In The Face, cultural historian Fay Bound-Alberti explores the ways humans have interpreted faces and how they have shaped our ideas of morality, social hierarchy, psychology and so much more, revealing some of the biases that inform our everyday lives. She charts how new technologies and cultural innovations have transformed our conception of selfhood over time – from the growth of portraiture in the Renaissance and the mass production of mirrors and photography in the nineteenth century, to twenty-first century developments, such as digital avatars and face transplants.

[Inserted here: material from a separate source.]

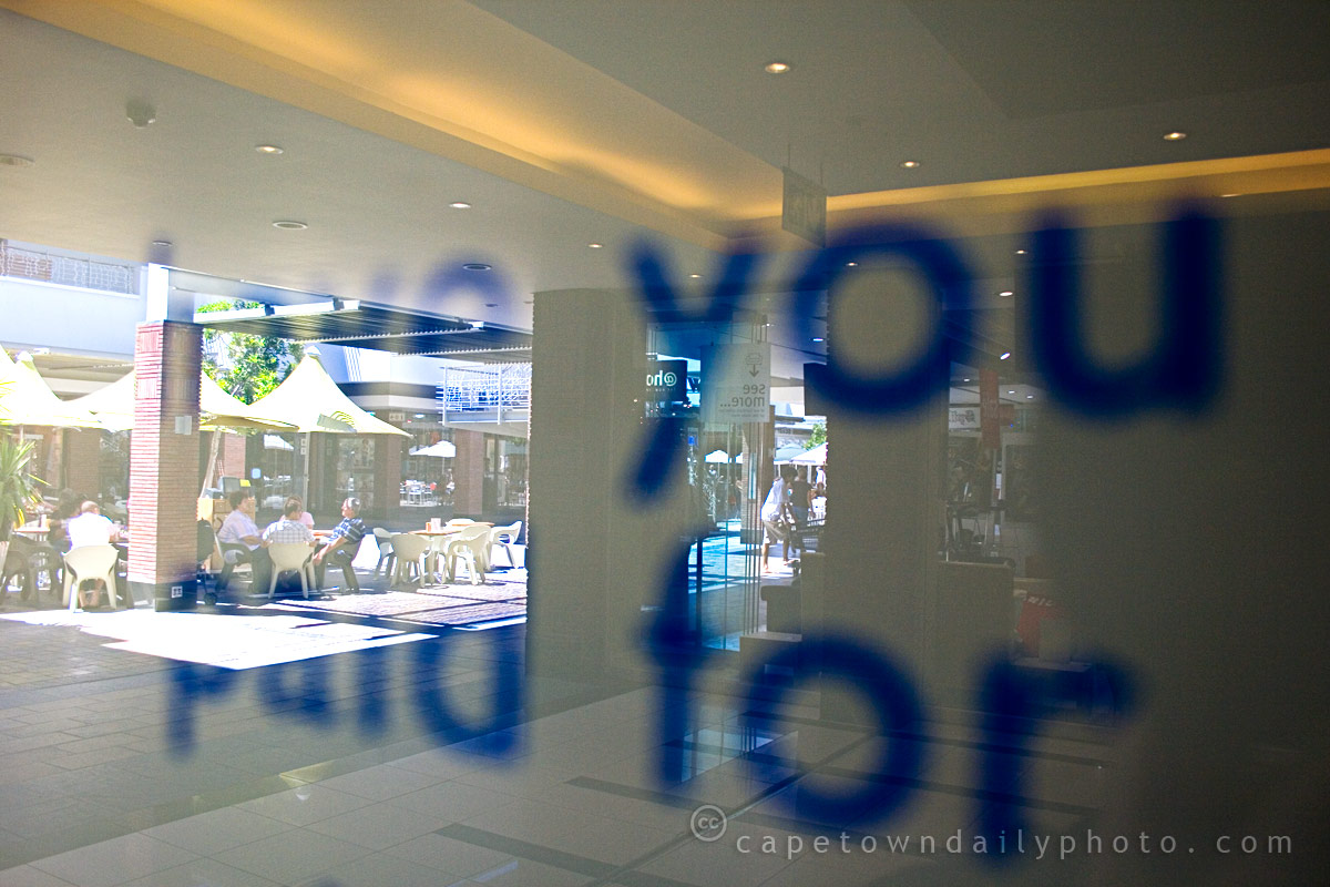 The blurry sign that you see in this photo reminds clients of this shopping centre to pay for their parking before exiting to the boom-gates. I still remain unconvinced that shopping centres aren't ripping us off by forcing us to pay for parking. Certain centres provide free open-air parking and paid undercover parking, leaving customers to decide whether or not they are prepared to pay for some shade from the African sun. This particular centre has no free parking.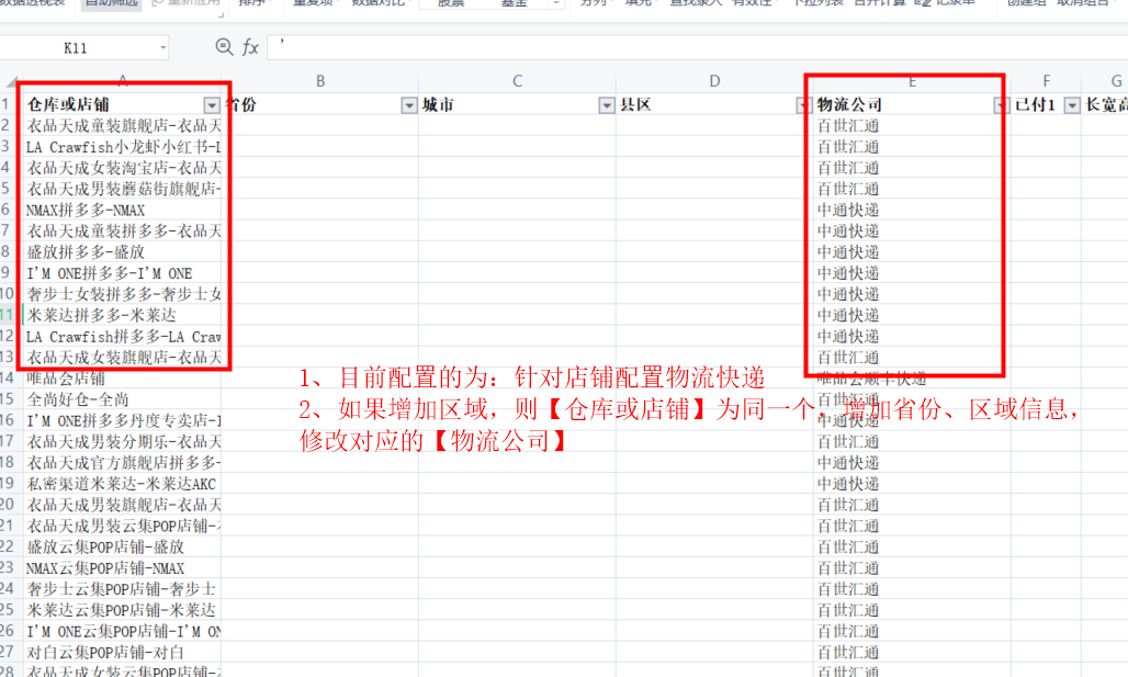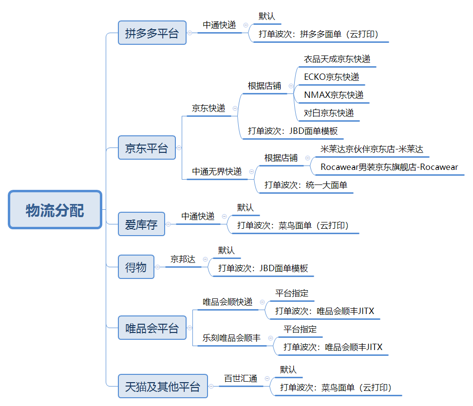 建议:可以先整理好每个渠道对应的快递,使用排除法的优先级进行复制(比如拼多多店铺的,先配置,再配置得物的,剩下全部为天猫小平台的)

Bringing together a wealth of fascinating research, interviews and illuminating personal narratives, Bound-Alberti probes beneath the surface to ask what our faces really say about us.
PUBLISHERS WEEKLY
Historian Bound-Alberti (A Biography of Loneliness) offers a stimulating reconsideration of the long-standing role of the face as a perceived window into a person's inner substance. Arguing that this isn't a natural idea, but a culturally constructed one, she begins with prehistoric cave paintings, noting that, in those artworks, it was animal faces that were realistically portrayed while the humans remained highly abstract. From there she traces the history of the face to its present malleable state (both via online face-tuning and real-world plastic surgery), along the way spotlighting moments when new tech coincided with changes in ideas about what the face reveals about a person. Advances in the art of portraiture during the Renaissance, for example, laid the groundwork for the notion of "facehood"—i.e., "the idea that a single, unique face equates with an individual, named person," and thus that faces can be used as tools for identification. Later, the emergence of photography "democratized" facehood, but also opened new avenues for surveillance. Bound-Alberti's roving narrative touches on everything from eugenics to makeup to the first selfie (taken in 1839 by Philadelphian Robert Cornelius, who could not have foreseen that generations later there would be a perennial online debate about his relative "hotness"). It makes for a fun and thought-provoking rumination on what it means to take each other at face value.